And specific to PCI.
> mdev parent driver is free to customize its regions and hence does not
> requires this mediate ops hooks.
>
>>> The region is only a channel for
>>> QEMU and kernel to communicate information without introducing IOCTLs.
>>
>> Well, at least you introduce new type of region in uapi. So this does
>> not answer why region is better than ioctl. If the region will only be
>> used by qemu, using ioctl is much more easier and straightforward.
>>
> It's not introduced by me :)
> mdev live migration is actually using this way, I'm just keeping
> compatible to the uapi.
I meant e.g VFIO_REGION_TYPE_MIGRATION.
>
> From my own perspective, my answer is that a region is more flexible
> compared to ioctl. vendor driver can freely define the size,
>
Probably not since it's an ABI I think.
> mmap cap of
> its data subregion.
>
It doesn't help much unless it can be mapped into guest (which I don't
think it was the case here).
> Also, there're already too many ioctls in vfio.
Probably not :) We had a brunch of subsystems that have much more
ioctls than VFIO. (e.g DRM)
>>>
>>>>> (3) provide a dynamic trap bar info region to allow vendor driver
>>>>> control trap/untrap of device pci bars
>>>>>
>>>>> This vfio-pci + mediate ops way differs from mdev way in that
>>>>> (1) medv way needs to create a 1:1 mdev device on top of one VF, device
>>>>> specific mdev parent driver is bound to VF directly.
>>>>> (2) vfio-pci + mediate ops way does not create mdev devices and VF
>>>>> mediate driver does not bind to VFs. Instead, vfio-pci binds to VFs.
>>>>>
>>>>> The reason why we don't choose the way of writing mdev parent driver is
>>>>> that
>>>>> (1) VFs are almost all the time directly passthroughed. Directly binding
>>>>> to vfio-pci can make most of the code shared/reused.
>>>> Can we split out the common parts from vfio-pci?
>>>>
>>> That's very attractive. but one cannot implement a vfio-pci except
>>> export everything in it as common part :)
>>
>> Well, I think there should be not hard to do that. E..g you can route it
>> back to like:
>>
>> vfio -> vfio_mdev -> parent -> vfio_pci
>>
> it's desired for us to have mediate driver binding to PF device.

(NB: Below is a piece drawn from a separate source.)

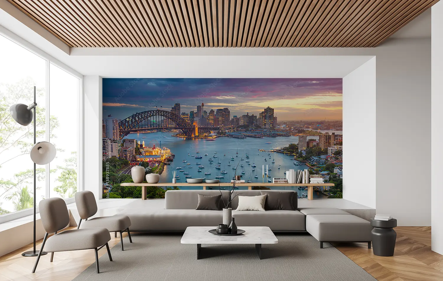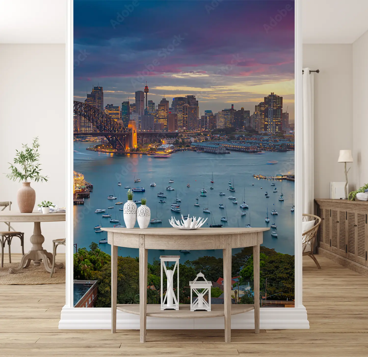 Transform your space with the serene beauty of a harbor view wall art. This captivating scene features boats gently floating on calm waters, perfect for enhancing your home decor with a touch of coastal charm. Complementary colors include shades of blue, grey, and sandy beige to create a relaxing and inviting atmosphere in any room.

> so once a VF device is created, only PF driver and vfio-pci are
> required. Just the same as what needs to be done for a normal VF passthrough.
> otherwise, a separate parent driver binding to VF is required.

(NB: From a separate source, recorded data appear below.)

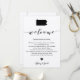 Esta tarjeta moderna y elegante es el lugar perfecto para las bolsas de bienvenida de su hotel. Introduzca los eventos principales y una nota personalizada para ayudar a sus invitados a navegar el fin de semana.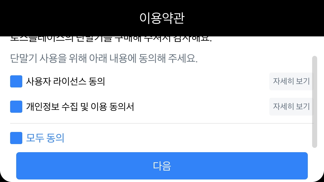 앱 업데이트가 완료되면 기존 단말기와 동일하게 매장 정보 입력을 진행해요.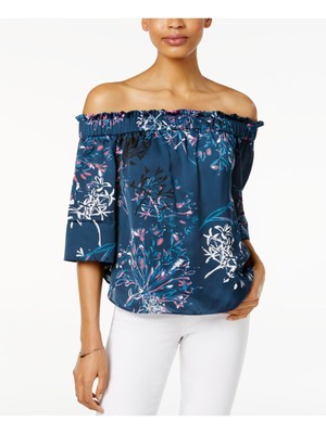 RACHEL RACHEL ROY Женский синий топ с открытыми плечами и короткими рукавами с принтом

> Also, this parent driver has many drawbacks as I mentions in this
> cover-letter.
Well, as discussed, no need to duplicate the code, bar trick should
still work. The main issues I saw with this proposal is:
1) PCI specific, other bus may need something similar
2) Function duplicated with mdev and mdev can do even more
>>>>> If we write a
>>>>> vendor specific mdev parent driver, most of the code (like passthrough
>>>>> style of rw/mmap) still needs to be copied from vfio-pci driver, which is
>>>>> actually a duplicated and tedious work.
>>>> The mediate ops looks quite similar to what vfio-mdev did. And it looks to
>>>> me we need to consider live migration for mdev as well. In that case, do we
>>>> still expect mediate ops through VFIO directly?
>>>>
>>>>
>>>>> (2) For features like dynamically trap/untrap pci bars, if they are in
>>>>> vfio-pci, they can be available to most people without repeated code
>>>>> copying and re-testing.
>>>>> (3) with a 1:1 mdev driver which passthrough VFs most of the time, people
>>>>> have to decide whether to bind VFs to vfio-pci or mdev parent driver before
>>>>> it runs into a real migration need. However, if vfio-pci is bound
>>>>> initially, they have no chance to do live migration when there's a need
>>>>> later.
>>>> We can teach management layer to do this.
>>>>
>>> No. not possible as vfio-pci by default has no migration region and
>>> dirty page tracking needs vendor's mediation at least for most
>>> passthrough devices now.
>>
>> I'm not quite sure I get here but in this case, just tech them to use
>> the driver that has migration support?
>>
> That's a way, but as more and more passthrough devices have demands and
> caps to do migration, will vfio-pci be used in future any more ?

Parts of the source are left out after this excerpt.